Introduction
In an FPGA, every I/O port has its own small area on the logic fabric. This area, which is called an IOB (Input / Output Block), contains everything that is needed to support this I/O port's features: Analog circuits that ensure the correct voltages and currents on the I/O pin, as well as a few special logic elements.
I should point out that the term "IOB" belongs to the terminology used by AMD (formerly Xilinx). Each FPGA vendor uses a different term.
There are almost always IOB registers inside an IOB. These registers are flip-flops that are connected directly to the I/O port's pin.
Some flip-flops are intended for use when the pin is an input port: These flip-flops' D input is connected to the I/O port's pin. Hence a flip-flop of this sort performs sampling of the signal that arrives from the outer world.
Other flip-flops are dedicated to the pin as an output port. These flip-flops' Q output is connected to the pin.
The structure of the IOBs vary from one FPGA to the other. Some IOBs are complex and rich with features, and other IOBs have a simpler structure. Quite often, the IOB register is part of a larger logic element, e.g. a SERDES. So even if no flip-flops are explicitly depicted in the documentation's drawing that describes the IOB, it's still possible that the FPGA's I/O pins have IOB registers.
Why use IOB registers
The main motivation for using IOB registers is timing: Because of these registers' vicinity to the I/O port's pin, the clock-to-output that is achieved this way is unbeatable. Also for input ports, an IOB register has the best chances to achieve the required timing.
But even when it's easy to meet the timing requirements, there is a good reason to insist on IOB registers: Repeatability. Otherwise, the delay between the I/O port's pin and the flip-flop is different for each implementation of the FPGA project. This is because the tools are allowed to put the flip-flop in a different location each time. They are also allowed to change the routing delay as well, as long as the timing constraints are achieved. This is not a problem as long as the PCB design is correct and the interface with the external components is properly planned. However, when such problems do exist, the difference in the delay from one implementation to the next can cause confusion: Something doesn't work, you fix something in the design, and then the problem seems to be solved. But what really made the difference was a slight change in the I/O timing somewhere.

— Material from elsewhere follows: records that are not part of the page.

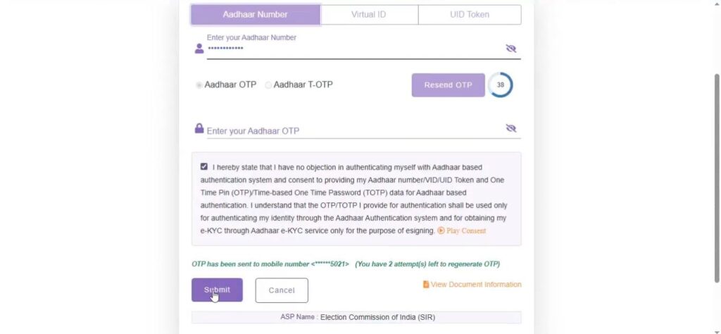 ৬) পরবর্তী পেজে আধার অথেনটিকেশন সম্পন্ন করুন। ভোটারের আধার কার্ড নম্বর উল্লেখ করুন GET OTP তে ক্লিক করুন। আধার কার্ডে যুক্ত মোবাইল নম্বরে OTP আসবে তা উল্লেখ করে সাবমিট করলেই আবেদন হয়ে যাবে। আবেদন হয়ে গেলে Acknowledgement of Appeal submitted রিসিভ কপি পেয়ে যাবেন। এরপর ডকুমেন্টস সহকারে রিসিভ কপি জমা করুন নিকটবর্তী BDO/SDO/DM অফিসে।
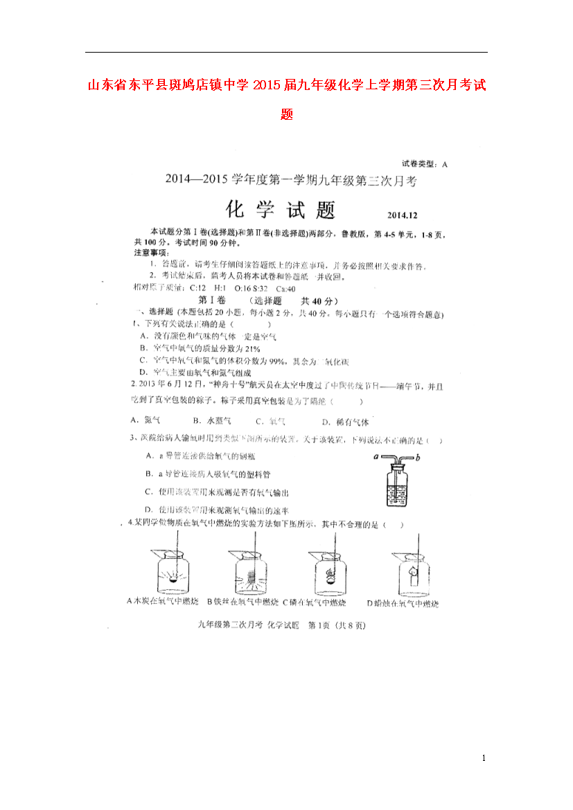 试题-山东-2015_山东省东平县斑鸠店镇中学2015届九年级化学上学期第三次月考试题(扫描版)
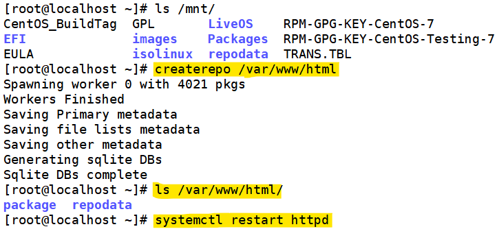 8、 将光盘中Packages的所有内容cp -a到/var/www/html/package下
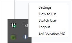 You can perform VoiceboxMD configurations by right-clicking on the VoiceboxMD icon in the Windows system tray and selecting Settings.
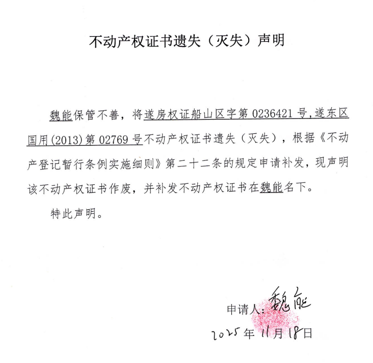 不动产权证书遗失(灭失)声明(魏能)
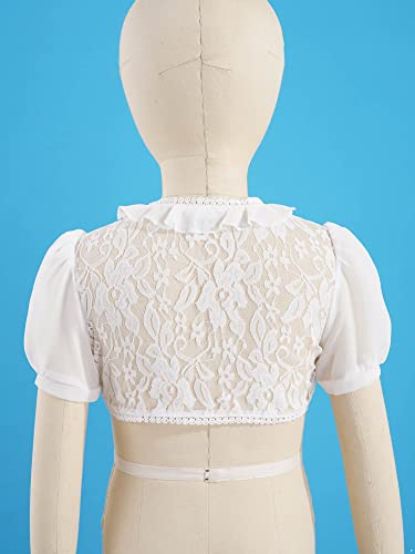 IEFiEL Bambina Pizzo Manica Corta a Sbuffo Basic Bolero Aperto Ragazza Cardigan Estate Giacca Corta per Cerimonia Chiffon Coprispalle Shrug Design Orlo Irregolare Bianco 6 Anni
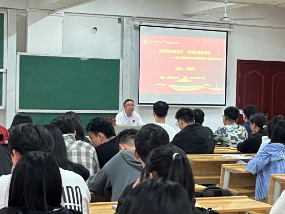 为巩固深化党纪学习教育成果,锲而不舍深入贯彻中央八项规定精神学习教育,持续推进作风建设常态化长效化。5月29日,院党委书记刘辉亚在立志楼A101以“作风建设强党性使命担当铸忠魂”为主题讲授专题党课。本次党课由张翼主持,本科生第二、第三党支部全体党员参加学习。

The use of IOB registers ensure that the electrical interface with the external components doesn't change unintentionally during the development process of the FPGA's logic. This makes it easier to isolate problems, when such occur.
Requesting IOB registers
It may be required to explicitly tell the FPGA tools to use IOB registers. The synthesizer is often responsible for doing this, so a synthesis attribute of this sort can be used with Vivado:
(* IOB = "TRUE" *) input the_input,
It's also possible to do the same in the XDC file:
set_property IOB true [get_ports the_input]
Another option is to add a synthesis attribute to the register that is connected to the input:
(* IOB = "TRUE" *) reg the_input_samp;
Note that an attribute in the XDC file may not be enough: Often, the synthesizer is required to replicate registers in order to put flip-flops in the IOB. This is relevant when the output of the flip-flop is also used by regular logic in the FPGA. The reason is that the output of the flip-flop that is inside the IOB can only be used for the port. Another flip-flop is hence required to produce the same output, so it can be used in the logic fabric. A synthesis attribute (as shown above) is often required in this situation.
With Quartus, commands of this sort can be added to the QSF file:
set_instance_assignment -name FAST_INPUT_REGISTER ON -to the_input set_instance_assignment -name FAST_OUTPUT_REGISTER ON -to the_output
Each tool has a slightly different way to achieve this.
Timing constraints
Is there any reason to write timing constraints for a port that uses an IOB register? After all, there is only one possible position for the IOB register. Isn't it safe to conclude that the timing will always be the same, with or without timing constraints?
So there are primarily two good reasons for writing timing constraints even when IOB registers are used.
The first reason is to ensure that an IOB register is used: Sometimes, a change in the logic design can unintentionally prevent the use of IOBs for all or some ports. The tools rarely complain when this occurs. Rather, a flip-flop that isn't inside the IOB is silently used. A timing constraint can prevent this situation: If the timing constraint can only be achieved when all related flip-flops are inside their IOBs, the eviction of these flip-flops will not be silent: The timing constraint will fail as a result.
The second reason is that the tools may insert an intentional delay between the I/O port's pin and the IOB register (even though not all FPGAs support this feature). The purpose of this delay is to improve the timing in relation to thold (see this example with Quartus). This undesired manipulation can be prevented with a timing constraint that is achievable only without this extra delay.
set_max_delay is usually the suitable timing constraint for ensuring a consistent use of IOB registers. If the FPGA tools support the "datapath_only" option with this command (or a similar feature), it's even more convenient.
Conclusion
IOB registers should be used whenever possible. The FPGA tools may not volunteer to do this, so it may require a small effort to achieve this goal. The reward for this effort is not only optimal timing, but also with a repeatable behavior of the I/O ports.